Monday, April 15, 2013

A Northener in Nepal

With Purnay, one of the Street Children from a center PoD works with

Celebrating Holi festival
After travelling for more then 24 hours without sleep, enduring flight delays, cancellations, lost luggage and having virtually no sleep, the first thing that hits you when you arrive in Kathmandu is the sheer craziness and mayhem of the place. Bikes, taxis and busses, with luggage and people piled high on there roofs and spewing out of their doors, all jostle for position on the city's dusty and dilapidated dirt-track roads. It's fair to say that even the most experienced traveller gets that "what was I thinking?" feeling when contemplating the prospect of spending three months in this crazy country. The ironic thing however is that, the one thing that unsettled me most when I arrived in Nepal, that being the total mayhem and disorganisation of the place, is now the thing I love most about this wonderful country. The hilarious willingness to close schools the week before exams because of strikes and hour long waits for drinks in bars only add to your admiration of the Nepalese people and the way they embrace life by taking things, (and indeed themselves,) a little less seriously.

Any feelings of doubt whatsoever disappear the next day when you leave Kathmandu for the calm of Pokara and within a week, thanks to Bindu and the girls along with Chrissy and Phil, you are not only settled into your new home but well on the way forging long lasting relationships that will allow you to make a real difference during your time volunteering in Nepal.

The bridge I cross every morning to get to Balam
Teaching at Shree Bhalam primary school, PoD's furthest placement from lakeside, means taking an hour long bus ride the outskirts of Pokhara and then crossing a huge suspension bridge to get to work. The bus ride is probably one of my favourite part of the day as, despite being groped, given Nepalese kids to hold and travelling with boobs in your face, it is a real chance to see how the real Nepal works and how its wonderful inhabitants interact with each other. At school I spend my time teaching English to kids across the school. When I arrived in school I was given a timetable for my classes and now plan and teach my classes completely independently; PoD placements allow us all to be as independent as we like so you feel although you are really making a difference where you are and are being appreciated by both your students and teaching colleagues alike.

There is a great network of support here in Nepal, whether this be from the PoD team or the other volunteers here; there is always someone to discuss your day with and we all enjoy sharing ideas and techniques with each other at the end of the day. The social scene in Lakeside is also amazing, along with some great nights out, the central location of Pokhara means we have been able to enjoy trips to Chitwan national park, Lumbini (Buddha's birthplace,) weekends rafting and weeks in Kathmandu. One of the highlights has definitely been watching the sunrise over the Himalaya during one of our treks!

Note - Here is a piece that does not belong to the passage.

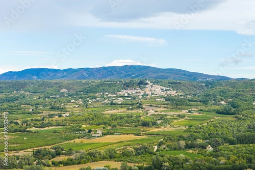 Scenic view of lush green french countryside with distant village in provence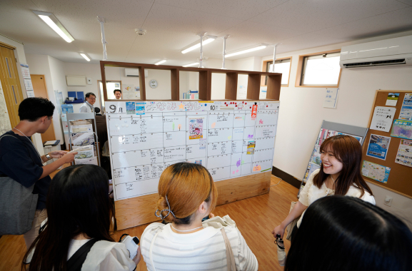 浪江のまちを歩き、URが運営する情報発信交流スペース「なみいえ」に立ち寄った。たくさんのイベント予定が書き込まれた「なみ☆カレ」に見入る学生たち。大熊町

Living at Bindu's is amazing; Bindu, Janice and Julia welcome you into their home from your first day and are always on hand with a wealth of local information and funny stories! There home is the perfect balance between hotel and home-stay; you are welcomed into their family, eat and socialise with them, however are still given the freedom to come and go as we please. Bindu is always on hand to deal with whatever Nepal can throw at you, be this water and electricity shortages to bringing you soup when you are ill.

Top of Poon Hill, a three day trek I did with a friend
In short, my time in Nepal has been awesome, having made some amazing friends and met some amazing people; it will be a shame to leave. I feel I have made long lasting relationships, not only with the other volunteers here, but also with the teachers and students I have worked with every day. I really feel I can leave Nepal having made a positive impact on the people I have worked with; this has only been made possible because of the wonderful people of PoD, (Gemma and Chrissy in particular,) their meticulous organisation, support and friendliness mean my whole trip has been hassle free from start to finish. I know its a cliché but, forget any worries you have about coming to Nepal, when you arrive throw yourself into the culture and you'll never forget it; I cant wait to return!